Madrasah Dan Sejarah Pendidikan Islam Indonesia (Part 2)

KETIKA La Oddang Datu Larompong, Arung Matoa Wajo ke-47, memerintah Wajo dari tahun 1926-1933, beliau memiliki pengetahuan agama yang dalam, karena sejak kecil dididik oleh orangtuanya dalam masalah keagamaan. Beliau disifatkan sering bergaul dengan para ulama seperti, Haji Makkatu, seorang ulama yang sangat tegas dalam memberantas segala kemungkaran dan merintis pengajian yang bersifat kalsikal di Tosora, juga beliau dekat dengan Haji Muhammad As’ad, seorang Ulama Bugis yang lahir di Makkah, ke Wajo pada tahun 1928, sangat berjasa dalam mengembangkan pendidikan Islam di Sulawesi Selatan dengan mencetak para ulama berkaliber nasional dan internasional.

TERKAIT

Anre Gurutta (AG) Haji Muhammad As’ad memulai pendidikan dengan memberikan pengajian rutin di rumahnya atau di masjid dengan sistem halakah. Materi utamanya dititik-beratkan pada akidah dan hukum syariah. Semakin lama berjalan, pengajiannya semakin terkenal dan didatangi para santri yang dari perbagi penjuru sehingga sistem halakah (mangaji tudang) tidak cocok lagi. Bulan Mei 1930 beliau membuka sistem pendidikan formal dengan bentuk madrasah atau sekolah formal klasikal di samping Masjid Jami’ Sengkang yang diberi nama Madrasah Arabiyah Islamiyah (MAI).

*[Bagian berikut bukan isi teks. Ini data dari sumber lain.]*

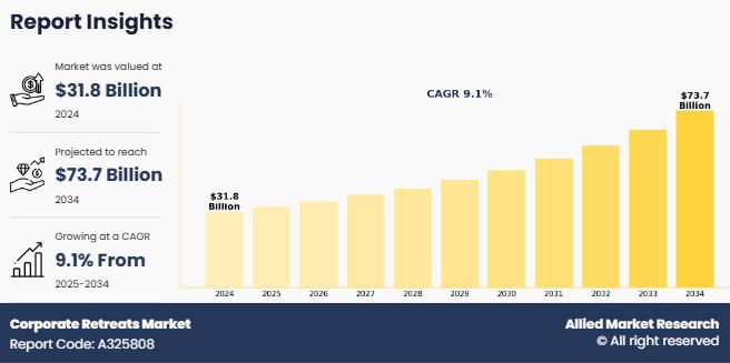 According to a new report published by Allied Market Research, titled, "Corporate Retreats Market," The corporate retreats market size was valued at $31.8 billion in 2024, and is estimated to reach $73.7 billion by 2034, growing at a CAGR of 9.1% from 2025 to 2034.
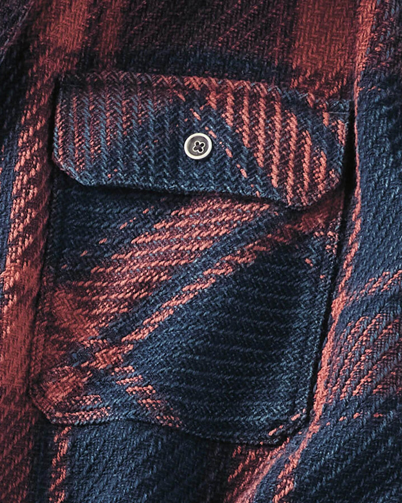 We're glad you've clicked on our new Long Sleeve Plaid Blanket Pocket Shirt,Nostalgia played plaid with a wistful wash. Better than the one you wore in college. Beefy blanket texture, but somehow light on the shoulders. Beach-to-mountains year-round ease. True indigo tone and fade. 2 button-flap pockets. 2-position cuffs.
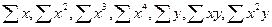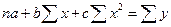 Криволинейная зависимость может принимать различное математическое выражение в виде парабол 2-го и 3-го порядка. Например: для того чтобы найти параметры a, b и с в уравнении параболы второго порядка, нужно решить систему уравнений:
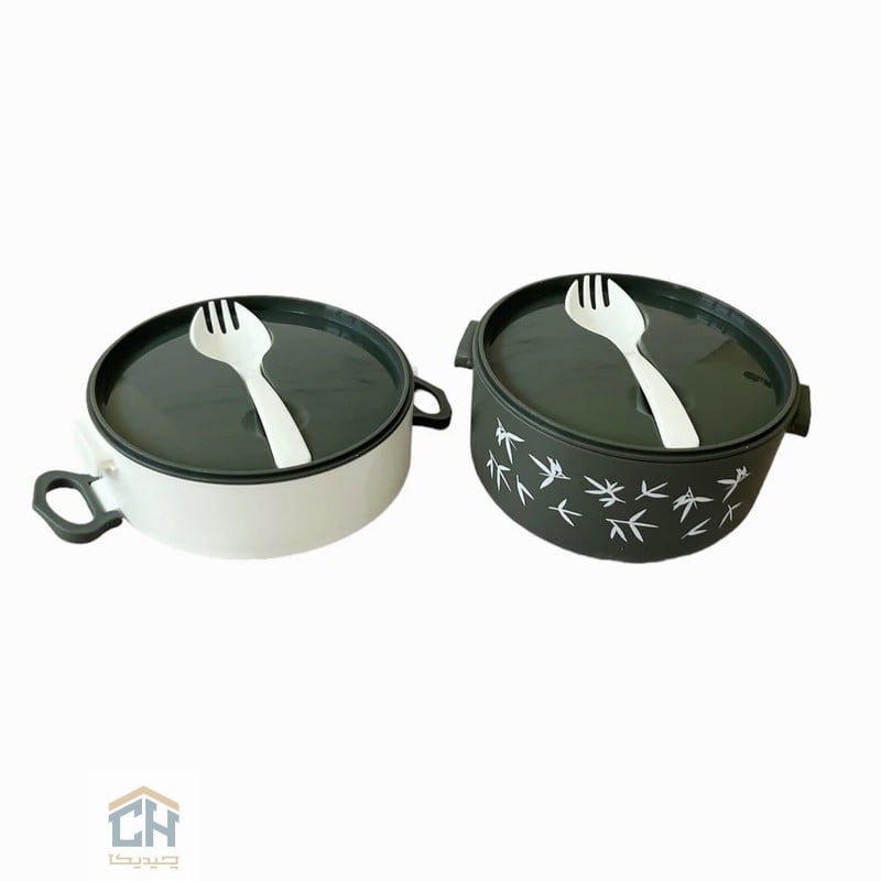 این ظرف دارای ۲ طبقه مجزا با درب قفل شو هست که از نشت مواد غذایی جلوگیری می کنه.بهعلاوه،۲ عدد چنگال خوش دست هم همراهشه تا همه چی مرتب و آماده استفاده باشه.جنسش از پلاستیک PP با کیفیت ساخته شده،پس هم قابل استفاده در ماکروفره و هم قابل شستشو با دست و ماشین ظرفشویی.
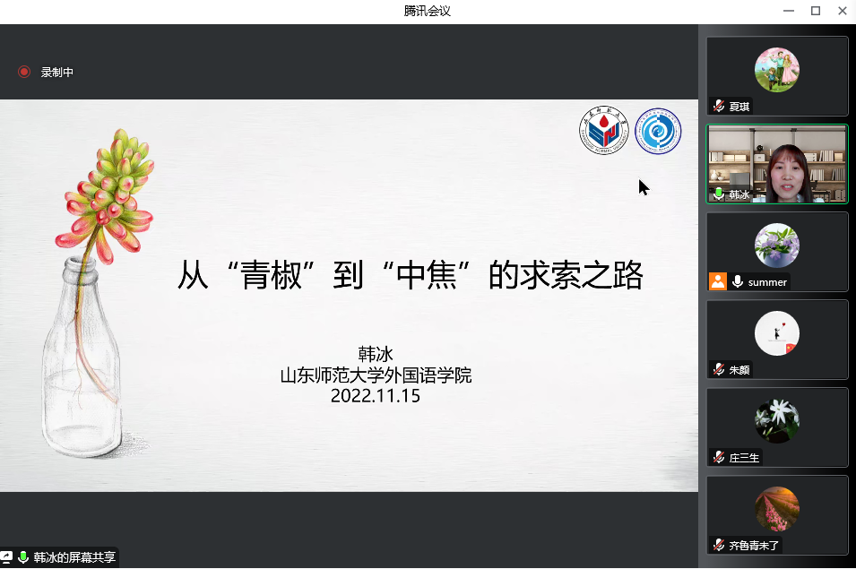 11月15日下午,太阳tyc集团5997邀请山东师范大学太阳tyc集团5997硕士生导师韩冰副教授在线进行学术交流,作题为“从‘青椒’到‘中焦’的求索之路”的学术报告。
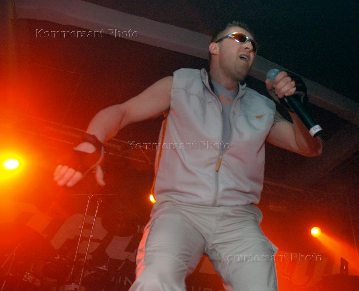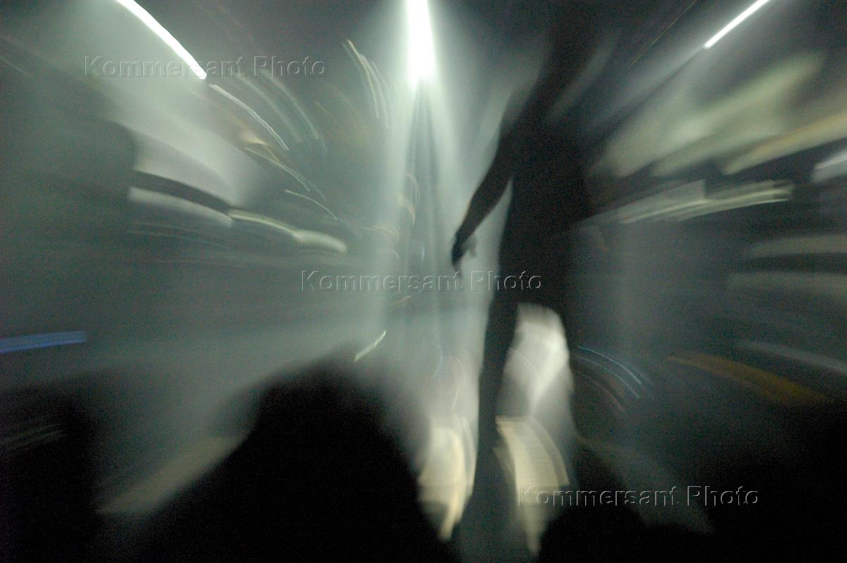 Группа "Front 242" (Фронт 242) во время выступления на своем сольном концерте в клубе "Механика".
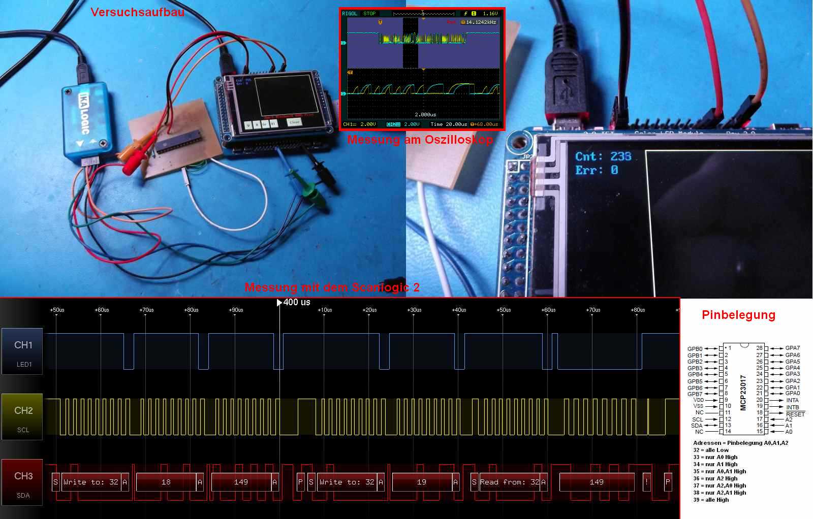 Der Hauptgrund für die Auseinandersetzung mit dem I2C, war die Verwendung des MCP23017 Chips.
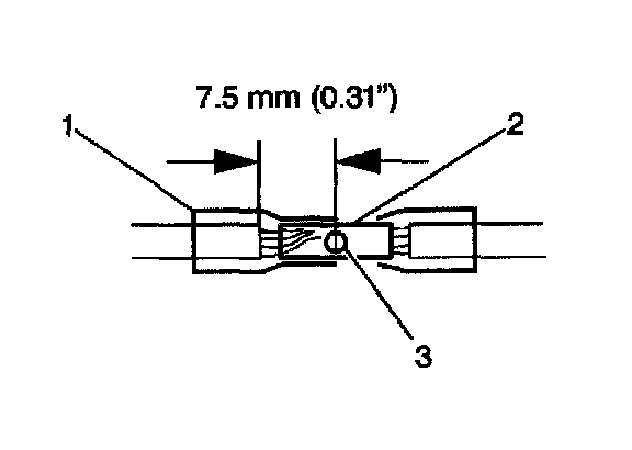 Adjust splice locations so that each splice is at least 40 mm (1.5 in) away from the other splices, harness branches, or connectors.
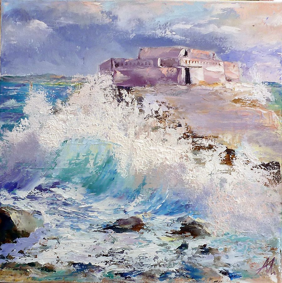 потрясающая свободная стихия волн слегка скованная берегом с бастионом..
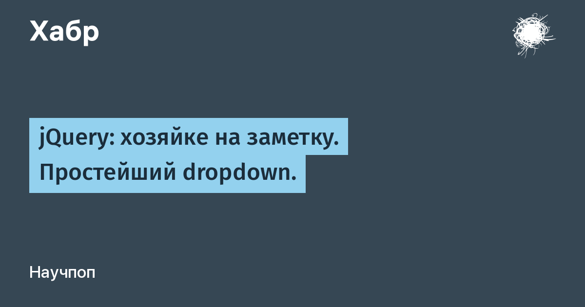 Мне понадобилось сделать дроп даун меню. Причем из всей линейки только у одного пункта. Не хотелось привлекать тяжеловесные плагины для jQuery, но что поделаешь, раз надо так надо. Тяжеловесные это сколько? 5-15К. Причем 5К, если без учета еще пары сторонних необходимых плагинов. В общем не так смертельно.

Dua tahun kemudian dibangunlah gedung sekolah secara permanen di samping masjid atas bantuan pemerintah kerajaan Wajo bersama tokoh masyarakat. Beliau juga sebagai aktor dan pelopor pemurnian ajaran Islam dan pembaruan sistem pendidikan Islam modern melaui Madrasah Arabiyah Islamiyah (MAI) yang berpusat di Sengkang. (Ilham Kadir, Jejak Dakwah KH. Lanre Said, Ulama Pejuang dari DI/TII hingga Era Reformasi, 2010).

Para alummni MAI Sengkang, bertebaran mendirikan lembaga pendidikan Islam bercorak pesantren dengan sistem klasikal (modern) di berbagai daerah. Seperti AG. H. Abdurrahman Ambo Dalle mendirikan MAI Mangkoso lalu bersama AG. H. Daud Ismail dan AG. H. M. Pabbajah mendirikan Darul Da’wah wal Irsyad (DDI). AG. H. Daud Ismail juga mendirikan Pesantren Yasrib di Watangsoppeng. AG. H. Junaid Sulaiman mendirikan Pesantren Ma’had Hadits di Watangpone, AG. H. Abd. Muin Yusuf mendirikan Pesantren Al Urwatul Wutsqa di Benteng Rappang, dengan sistem pendidikan dan pemahaman yang secara umum hampir sama karena berafiliasai pada mazhab syafi’i sebagaimana pemahaman Gurutta H. M. As’ad sendiri, kecuali KH. Lanre Said yang Mendirikan Pondok Pesantren Darul Huffadh di Tuju-tuju, Bone, dan KH. Marzuki Hasan pendiri Pondok Pesantren Darul Istiqamah Maccopa-Maros dan Sinjai memiliki sistem dan pemahaman yang berbeda karena tidak berpegang kepada salah satu mazhab.